30 Kasım 2013 Cumartesi

Bir düşüncenin susturulmasındaki asıl kötülük, onun insan soyuna, yaşayan nesle olduğu gibi gelecek nesillere karşı da despotik bir davranış niteliğini taşıyor olması ve o düşünceye taraftar olanlardan daha da fazla, o düşünceye katılmayanlara karşı haydutça bir davranış olmasıdır. Eğer düşünce doğruysa insanlar, yanlış olanı doğru olanla değiştirmek olanağından yoksun bırakılırlar; eğer yanlışsa, hemen hemen aynı derecede büyük bir yararı, yani gerçeğin haksızlıkla çarpışması sonucunda onun daha açık olarak anlaşılmasını ve daha canlı bir etki yaratma fırsatını, elden kaçırmış olurlar.
Boğmaya kalkıştığımız düşüncenin yanlış bir düşünce olduğundan hiçbir zaman emin olamayız; bundan emin olsak bile, onu boğmak gene de kötü olacaktır.
Otorite tarafından sindirilmeye çalışılan düşünce, pekâlâ doğru olabilir. Onu ortadan kaldırmak isteyenler, doğal olarak onun doğruluğunu yadsırlar; fakat yanılmaları da mümkündür. Sorunu bütün insanlık adına kestirip atmaya ve diğer herkesi yargılama olanaklarından yoksun bırakmaya hiçbir otoritenin yetkisi yoktur.
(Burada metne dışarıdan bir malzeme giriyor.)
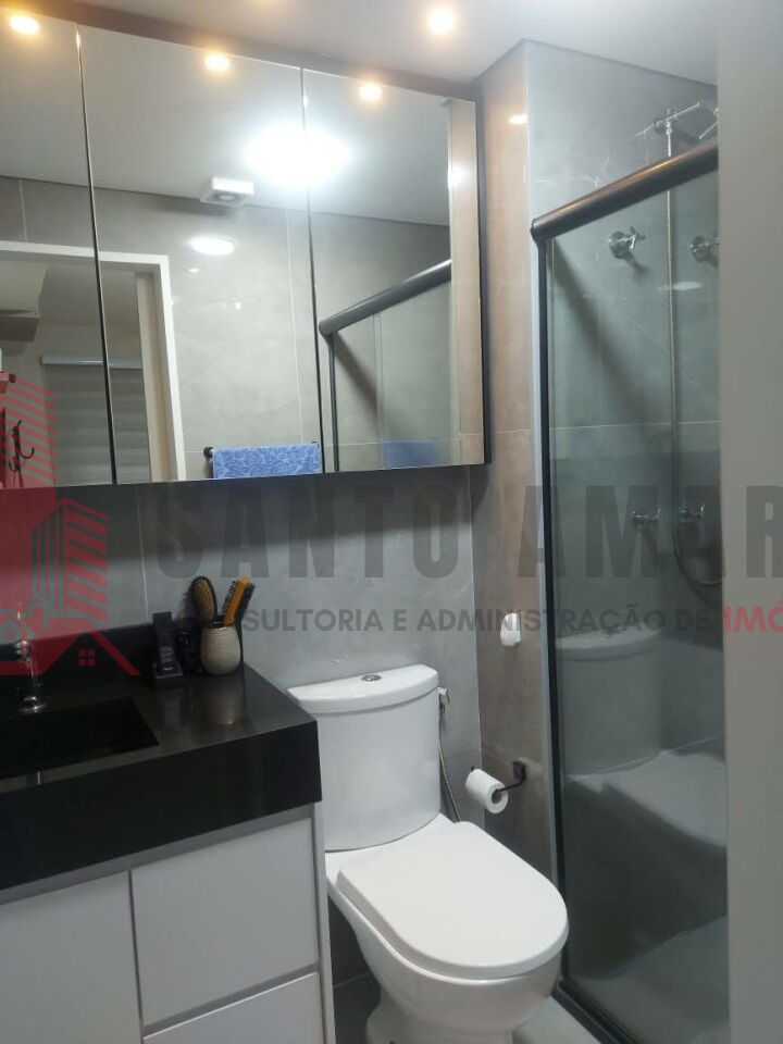 Banheiro social com dispensa planejada na área do box.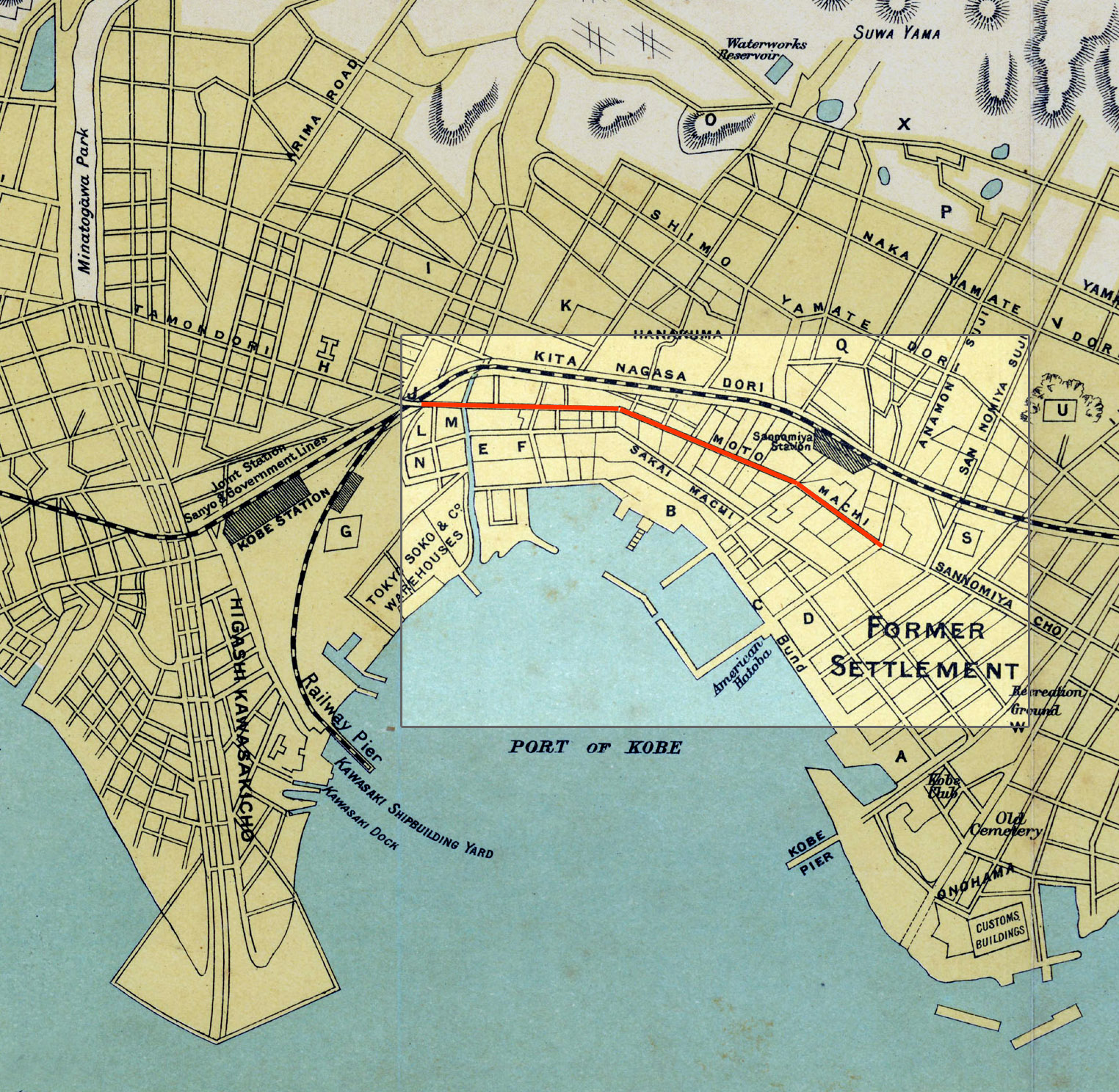 Map: The entire length of Motomachi-dori (in red), relative to the former Foreign Settlement and Kobe harbor, Kobe, 1908.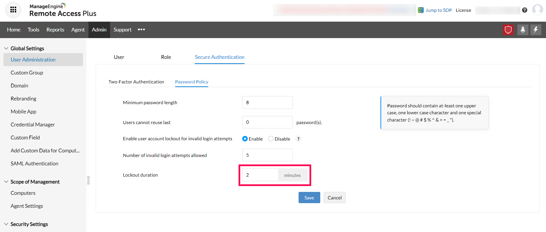 NOTE: Ensure to log in only after completion of the lockout period.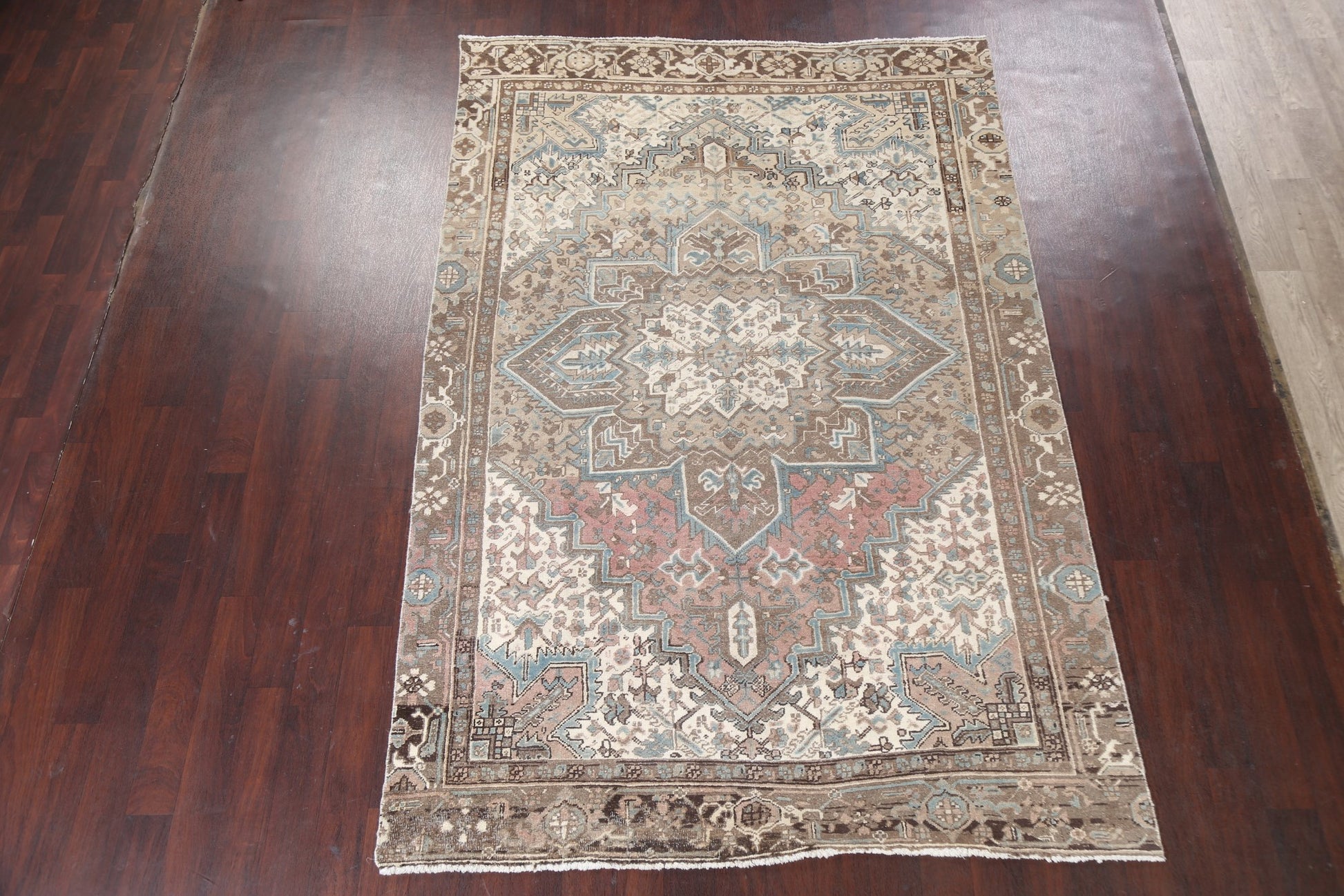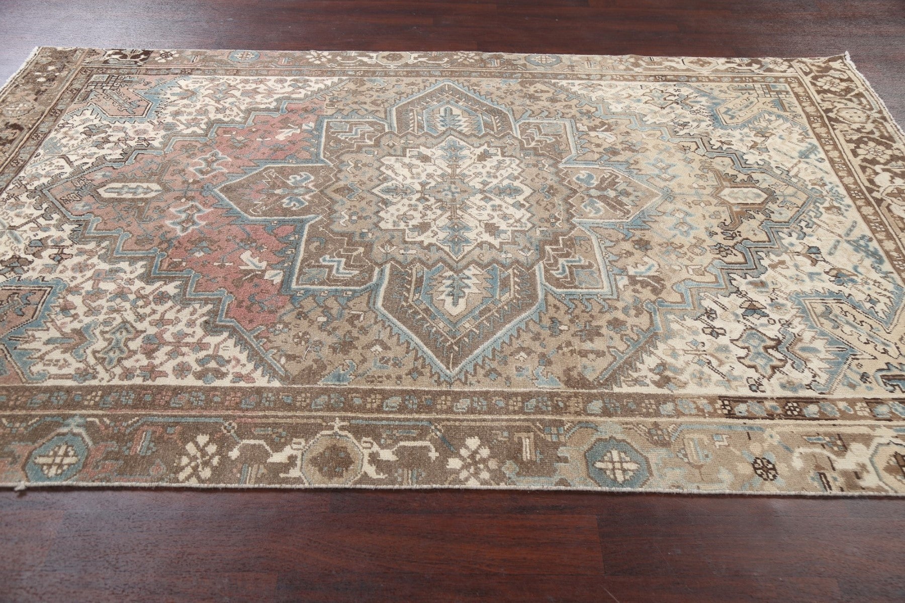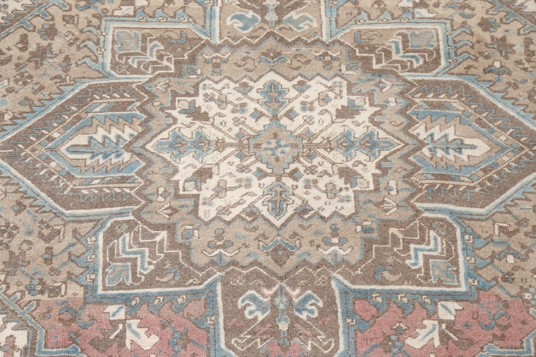 A Beautiful Genuine Persia ( Persia ) Heriz rug is Hand Knotted by skillful weavers in Persia ( Persia ) with 100% Wool Material. This rug is in Very Good (Low Pile-Abrash) condition. dimensions are 9' 8'' X 6' 5'' in foot and 295 X 196 in centimeter. the primary color is Multi-Colored.
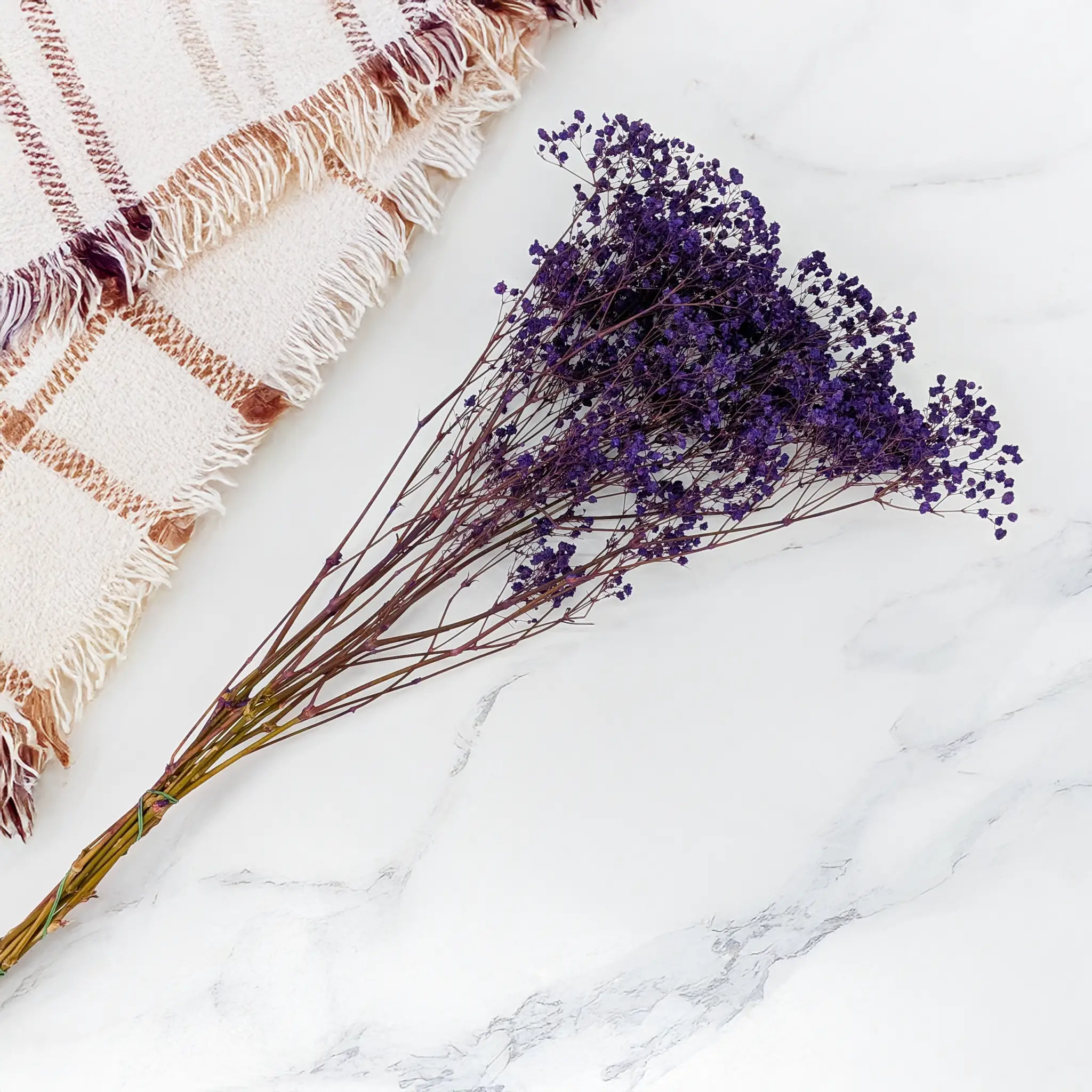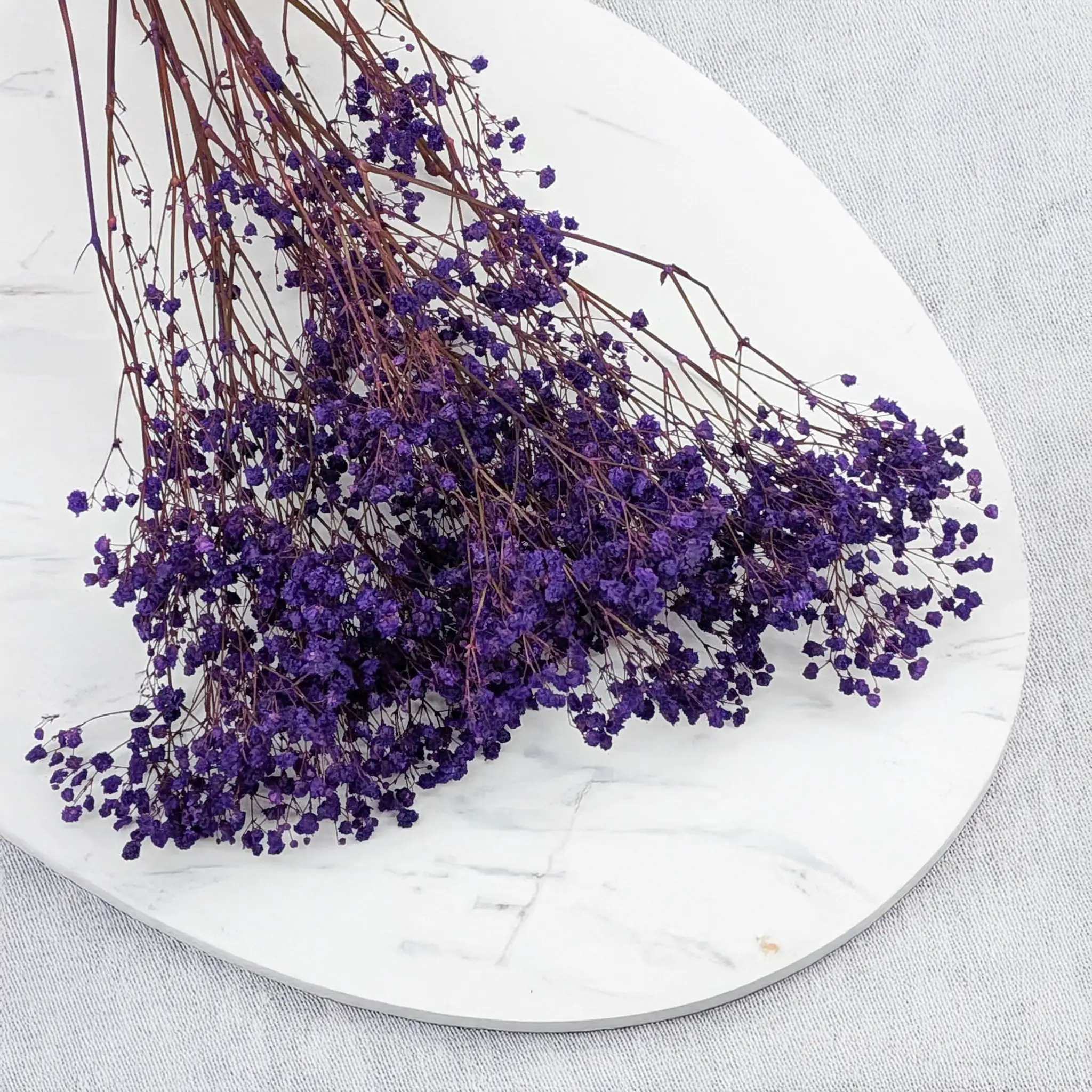 Preserved pastel purple gypsophila offers a gentle touch of color and peace, perfect for modern, romantic or minimalist decor. Ideal for weddings and floral compositions.

Bir düşüncenin açıklanmasını, otorite bunun yanlış olduğunu ileri sürdü diye yasaklamak, mutlak doğrunun sadece otoriteye ait olduğunu önsel olarak kabul etmek anlamını taşır.
Bir tartışmayı susturmak, yanılmazlık taslamayan gururlu bir davranışla eşdeğerdir.